8 Citations (Scopus)

Abstract

BACKGROUND: Previous anesthesia information management systems-based studies have focused on intraoperative data analysis. Reviewing preoperative data could provide insight into the outpatient treatment of patients presenting for surgical procedures. As gender-based disparities have been demonstrated in the treatment of patients with cardiac disease, we hypothesized that there would be gender disparities in the outpatient pharmacologic management of patients with coronary artery disease (CAD) scheduled for elective noncardiac surgery. METHODS: We analyzed electronic medical records of ambulatory patients with CAD (prior myocardial infarction [MI], coronary artery bypass surgery, and angioplasty with or without stenting, angina) presenting for elective noncardiac surgery between 1/2004 and 6/2006 (30 mo) at an inner city hospital. RESULTS: Of 21,039 ambulatory patients seen in the preanesthesia clinic, 6.4% (1346) had CAD. Patients with CAD: Men were more likely to be taking β-blockers (P < 0.002), statins (P < 0.0001), aspirin (P < 0.0001), and antiplatelet medications (P < 0.04), although there was a trend of increased use of aspirin (P < 0.01) by women over the course of the study. Patients with history of prior MI: Men with a prior MI were more likely to be taking β-blockers (P < 0.0001) and statins (P < 0.02), although there was a trend of increased use of β-blockers (P < 0.0005) and aspirin (P < 0.03) by women over the course of the study. Quarterly prevalence rates for outpatient medication use were greatest for β-blockers and least for aspirin. Patients were more likely to be taking a statin, aspirin, or oral antiplatelet medication if they were receiving chronic β-blocker therapy (P < 0.0001 for each medication).

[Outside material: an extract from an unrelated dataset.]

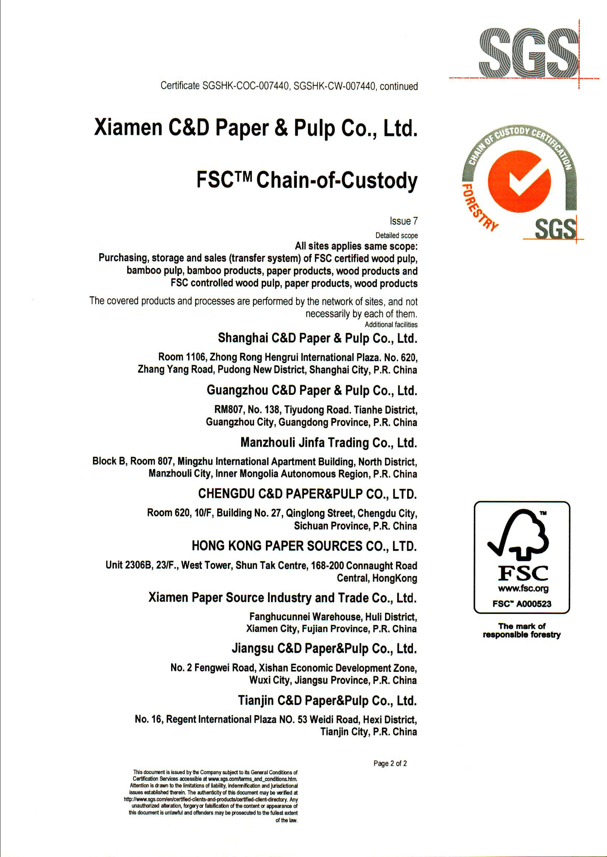 订购 / 运输 / 保险 / 仓储 / 配送 / 融资等“一站式”林浆纸供应链综合服务,并通过FSC-COC产销监管链认证。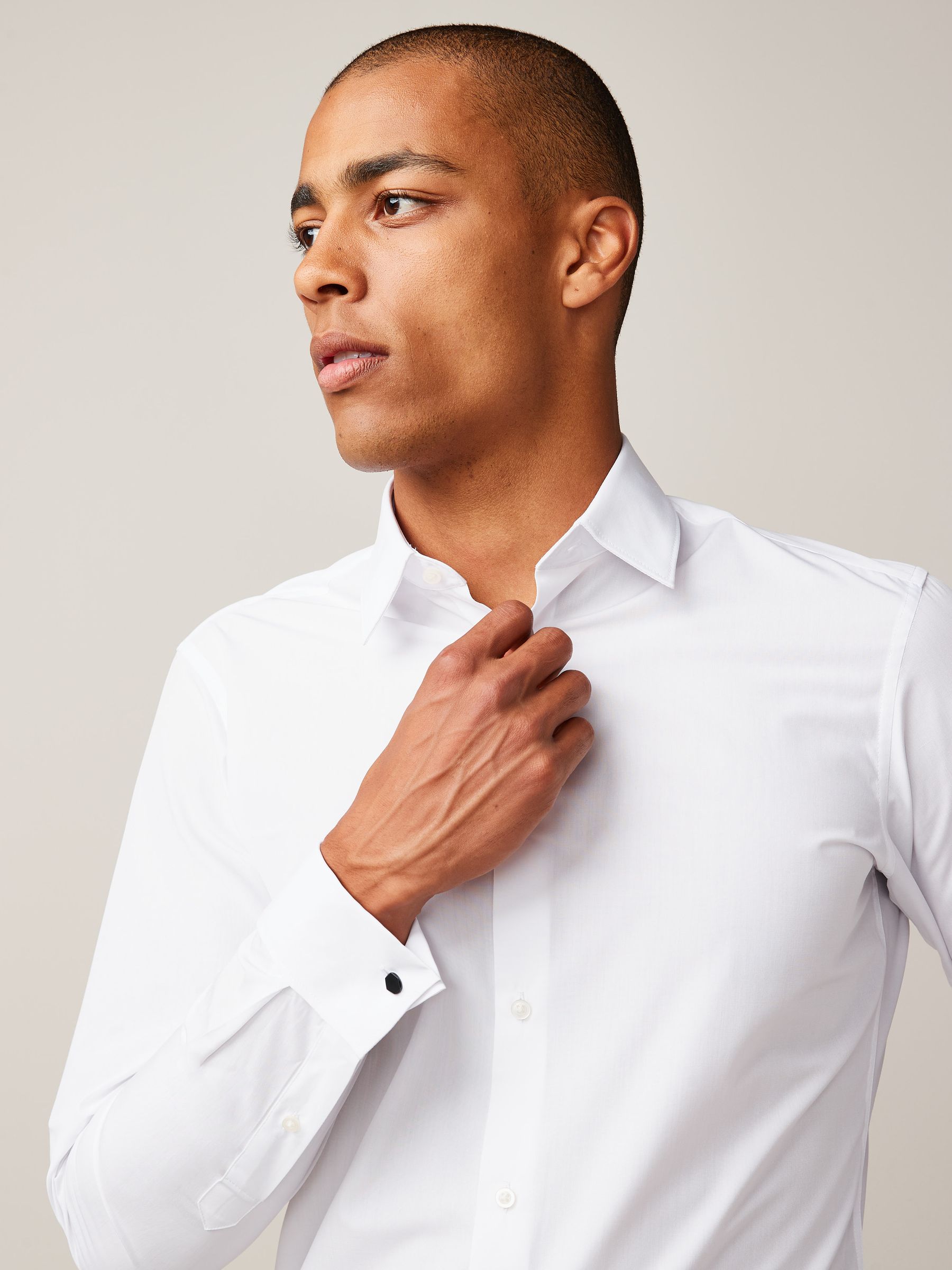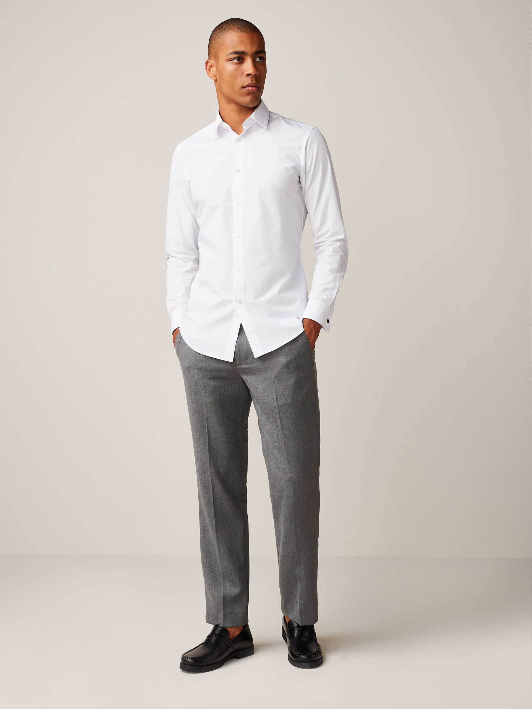 Make everyday styling easy with our easy care double cuff slim fit shirt in white. Easy to iron, practical and comfortable, this shirt is designed to take the stress out of dressing. Slim fit Cotton blend Double cuff long sleeves Button through fastening Machine washable. 65% Recycled polyester, 35% Cotton. Better Cotton – By choosing our cotton products, you’re supporting our investment in Better Cotton’s mission to help cotton farming communities survive and thrive while protecting and restoring the environment. This product is sourced via a system of mass balance and therefore may not contain Better Cotton. Learn more at www.next.co.uk/better-cotton, Contains recycled polyester certified to the Global Recycled Standard (GRS) which verifies the percentage of recycled material and tracks it from the recycler to the final product. The exact % of certified recycled polyester is shown in the product composition above. See individual on-product labelling for full certification details

CONCLUSION: Aggregating anesthesia management information systems data provides an epidemiological perspective of community care of patients presenting for surgery. We found that gender disparities in outpatient medical treatment of patients with CAD, which previously favored men, have diminished primarily as a result of increased use of these medications in women. Nonetheless, despite evidence supporting the use of risk-reduction strategies, our patients are undertreated with standard medical therapies.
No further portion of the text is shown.